TB can be spread when people gather in a small room with an infected person, sharing qat and cigarettes. Muhammad al-Jabri/IRIN

Although Yemen has the second highest tuberculosis (TB) mortality rate in the Middle East, after Iraq, specialists say the disease is on the decline because of a concerted awareness campaign and training programmes for health workers.

“The problem is not as big as it used to be several years ago,” Amin Noman al-Absi, General Director of the National Tuberculosis Control Programme (NTBCP) at the Ministry of Heath, told IRIN. “Yemen adopted Direct Observer Therapy Short-course [DOTS] in 1995, and now it covers 90 percent of Yemen’s 333 districts.”

DOTS is an international protocol for controlling infectious diseases, most commonly TB. Lying at the heart of the World Health Organization’s (WHO) ‘Stop TB Strategy’, it involves boosting political and financial commitments to fighting TB, and ensuring better case detection, treatment, drug supply, and monitoring of the disease.

According to al-Absi, the rate of cured cases via Yemen’s DOTS programme is 86 percent.

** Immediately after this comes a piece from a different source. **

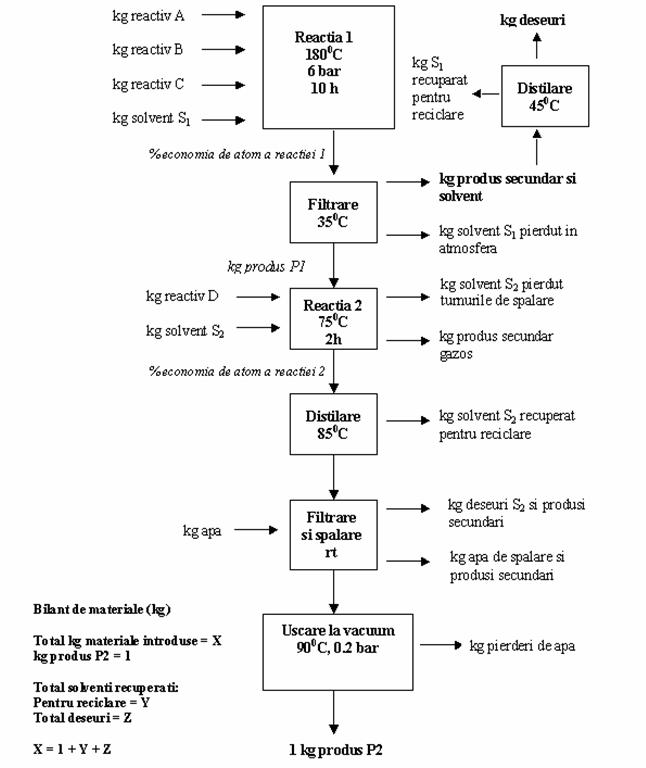 Din diagrama procesului se poate calcula bilantul general de materiale; apa utilizata trebuie inclusa in acest bilant deoarece este foarte important calculul bilantului energetic din care se determina eficienta etapei de distilare si se evalueaza optiunile de tratament ale deseurilor. Pentru evaluarea diagramei procesului, etapele incluse se pot compara in urmatorii termeni: volum de deseuri, natura deseurilor, bilant de materiale, contaminarea produsului, costul materialelor finite, complexitatea procesarii si costurile asociate acesteia, necesitatea oricarui echipament special, necesarul energetic, toxicitatea si usurinta de manuire a materialelor implicate. Aceasta va conduce la o micsorare a numarului de posibile cai de realizare. Exista o serie de intrebari care pot fi generate de un astfel de studiu precum:

A number of health workers have been trained on TB treatment throughout the country. “Now training will target midwives and nurses. They will be trained on how to identify TB levels among patients and how to handle TB medications,” he said.

The health official added that there is a new initiative in Yemen to make the private sector, military hospitals, central prisons and NGOs participate in the treatment of TB.

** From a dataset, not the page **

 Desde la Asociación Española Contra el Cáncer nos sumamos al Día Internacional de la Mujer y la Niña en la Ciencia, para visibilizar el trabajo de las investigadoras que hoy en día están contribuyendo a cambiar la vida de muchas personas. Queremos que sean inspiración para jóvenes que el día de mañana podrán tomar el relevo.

Fourth biggest cause of death

TB is the world's greatest infectious killer of women of reproductive age and the leading cause of death among people with HIV/AIDS. In Yemen, the disease is the fourth biggest cause of death.

According to WHO, nearly two billion people - one third of the world’s population - have tuberculosis. Annually, eight million people become ill with tuberculosis and two million people die from the disease worldwide.

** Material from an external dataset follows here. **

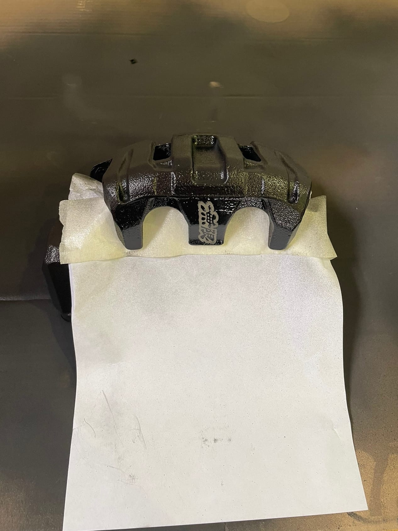 Когда краска высохла, начал думать, оставить чёрными или награвировать что-нибудь, пока лазер под рукой)) Думал награвировать "Honda", но у кого-то я такие суппорты уже видел, будет как бы плагиат. И потом вспомнил про иероглифы Mugen, именно "無限". Они обозначают "бесконечный" или "без границ", скорее всего колодки не нужно будет менять и обслуживать ))))) Это конечно шутка, но думаю будет выглядеть красиво и таких я точно ещё не видел. Сказано — сделано, тем более всегда можно смыть краску и покрасить заново. Режу на малой мощности — получается отлично и дальше на полной мощности в разных режимах сделал гравировку.
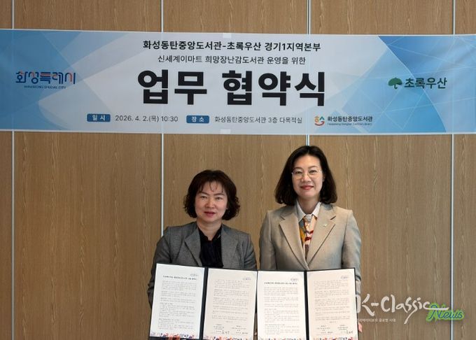 K-Classic News 기자 | 화성동탄중앙도서관은 2일 초록우산 경기1지역본부와 아동의 건강한 성장 발달을 지원하고 지역 사회의 양육 부담을 경감하기 위해 ‘신세계이마트 희망장난감도서관’ 운영 업무협약을 체결했다.

The annual incidence rate varies from 356 per 100,000 in Africa to 41 per 100,000 in the Americas. In Yemen, the annual incidence rate of TB has dropped from 236 per 100,000 in 1990 to 82 per 100,000 in 2005, according to WHO statistics.


Photo: Muhammad al-Jabri/IRIN
Posters have been distributed among tuberculosis patients to help halt the spread of the infectious disease
In the same period, Yemen’s TB mortality rate has dropped from 16 per 100,000 to 10 per 100,000. This compares to a TB mortality rate of 50-100 per 100,000 in many African countries and a typical rate of 1 per 100,000 in Western European countries.

On 10 February this year, Yemen’s TB control programme embarked on a new survey to determine the exact nature of the problem in the country. The survey, supported by the Global Fund for Combating AIDS, Malaria, and TB, is targeting students aged 7 to 12 in 132 schools.

In addition, NTBCP has awareness programmes for TB patients on seven local radio stations and on television.

“We distribute posters among patients and educate them on how to prevent the epidemic. We have also trained volunteers from other NGOs who are interested in raising awareness of the dangers of TB and ways of preventing it,” Othman al-Hasoosah, Head of Activities Department at the NTBCP, said.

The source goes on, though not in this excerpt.